In early December, natural gas production in the Permian has been averaging a record 14.2 Bcf/d, a gain of 1 Bcf/d in only six months. That rapid pace of growth is putting pressure on every aspect of midstream infrastructure — gas gathering systems, processing plants, and takeaway pipelines — and resulting in a variety of efforts aimed at ensuring there will be sufficient capacity in place to support the increasing gas volumes being produced. New gas-gathering mileage is being added, some new processing plants are being built, and at least a couple of new large-diameter pipelines from the Permian to the Gulf Coast are being considered. However, reflecting the midstream sector’s financial discipline, there’s also a big push to make fuller use of existing assets, in some cases by relocating processing plants, compressors, and other assets to where they are needed most. In today’s RBN blog, we discuss the latest gas-related infrastructure developments in the Permian’s Midland and Delaware basins.
As we said a few months ago in One Step Ahead, Permian natural gas production has roughly doubled in the past four years, spurring the build-out of billions of dollars in gas-related assets. These projects include innumerable miles of new gathering pipeline, more than new 50 gas processing plants, and a number of new takeaway pipelines, most recently the 2.1-Bcf/d Permian Highway Pipeline and the 2-Bcf/d Whistler Pipeline, which started up in January and July of this year, respectively.
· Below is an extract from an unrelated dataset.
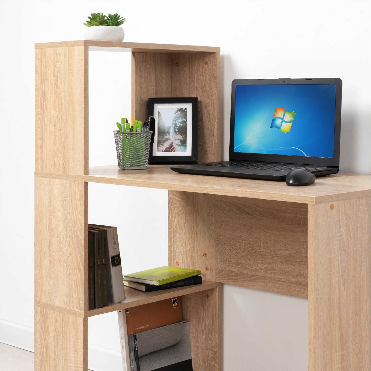 стол с широкой рабочей зоной и удобными полками.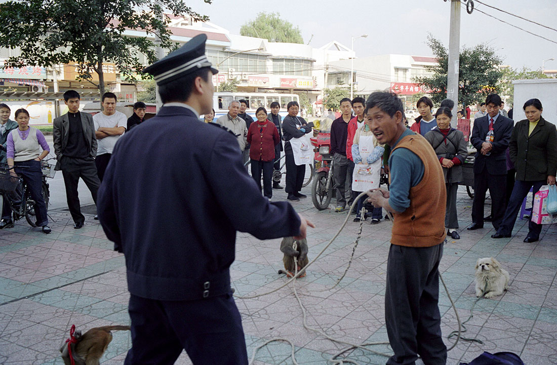 With only 50 yuan ($7.99) between them, the group of monkey buskers had to earn some money as soon as possible. Yang started to perform outside a development zone on Qingjiang Lu, which attracted many onlookers. Around 10 minutes later the security guard came and stopped it.

There also have been two pipeline additions within the Permian this fall. In October, Energy Transfer completed its Permian Bridge project, which involved the conversion of 55 miles of an existing 24-inch-diameter NGL pipeline between the Midland and Delaware basins to rich-gas service. Permian Bridge now enables 115 MMcf/d of associated gas with high NGL content to be transported from the Midland to underutilized processing plants in the Delaware. Energy Transfer noted during its November 3 earnings call that the pipeline’s capacity could easily be expanded to 200 MMcf/d. In mid-November, a 70/30 joint venture of Summit Midstream Partners and ExxonMobil’s XTO Energy started up its 1.35-Bcf/d Double E Pipeline, which runs 135 miles from the Eddy/Lea county line in New Mexico to the Waha gas hub in Pecos County, TX. Summit Midstream has said that pipeline will run near about 30 processing plants with a combined capacity of about 10 Bcf/d.